TASK INSTRUCTIONS:
Reproduce the data that follows character for character, but omit its pictures.

*** PROVIDED MATERIAL ***

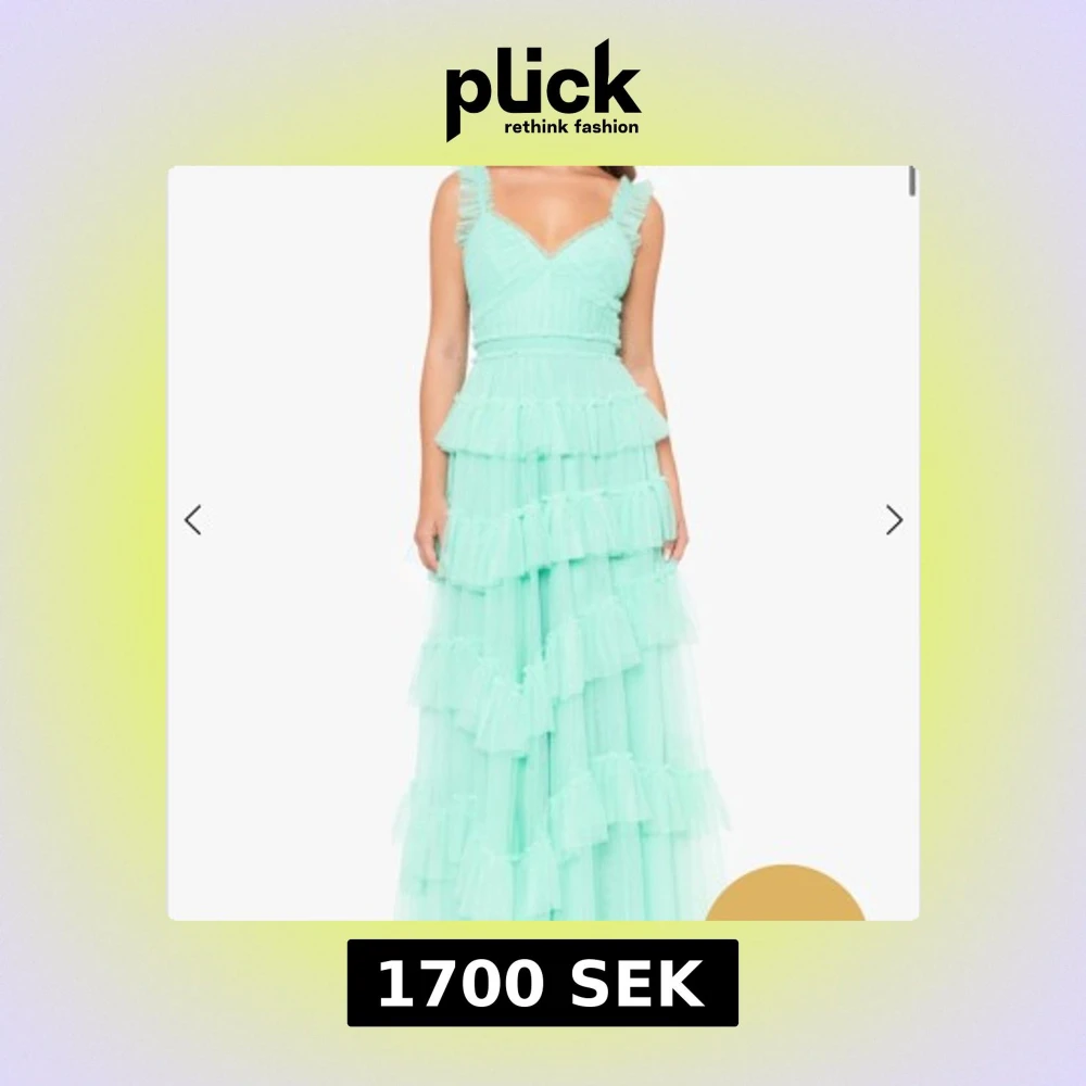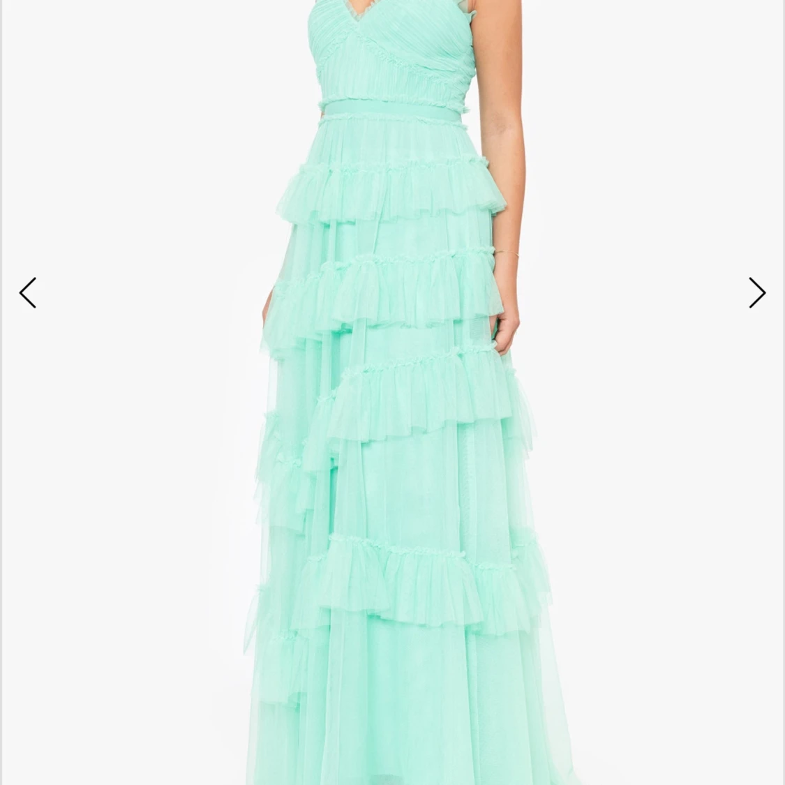 Superfin långklänning i mintgrönt med flera lager volanger och v-ringad hals. Axelbanden är breda med volangdetaljer och klänningen har luftig känsla. Perfekt för bal! I storlek 6 passar s/m.
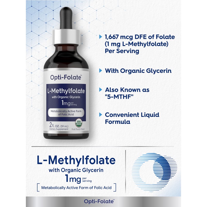Carlyle L-Methylfolate Drops 1mg | 2 Fl Oz | with Organic Glycerin | Liquid Sublingual Supplement | Fruit Punch Flavor | Vegetarian, Non-GMO
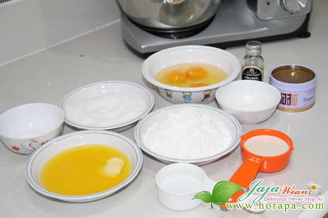 1.ร่อนแป้งและผงฟูพักไว้
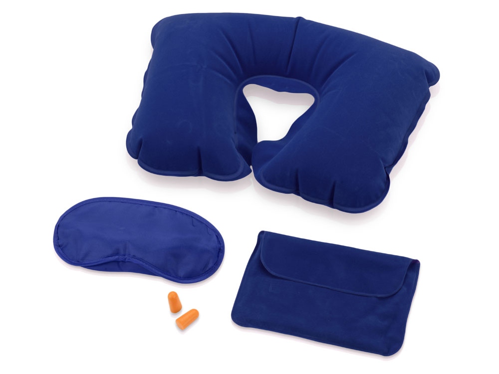 Замечательный дорожный набор включает в себя надувную подушку, маску на глаза и беруши, все это упаковано в специальный чехол. Приятная на ощупь поверхность набора обеспечит комфортный сон в любой обстановке.

***

PROBLEM SOLUTION:
 Superfin långklänning i mintgrönt med flera lager volanger och v-ringad hals. Axelbanden är breda med volangdetaljer och klänningen har luftig känsla. Perfekt för bal! I storlek 6 passar s/m.
Carlyle L-Methylfolate Drops 1mg | 2 Fl Oz | with Organic Glycerin | Liquid Sublingual Supplement | Fruit Punch Flavor | Vegetarian, Non-GMO
 1.ร่อนแป้งและผงฟูพักไว้
 Замечательный дорожный набор включает в себя надувную подушку, маску на глаза и беруши, все это упаковано в специальный чехол. Приятная на ощупь поверхность набора обеспечит комфортный сон в любой обстановке.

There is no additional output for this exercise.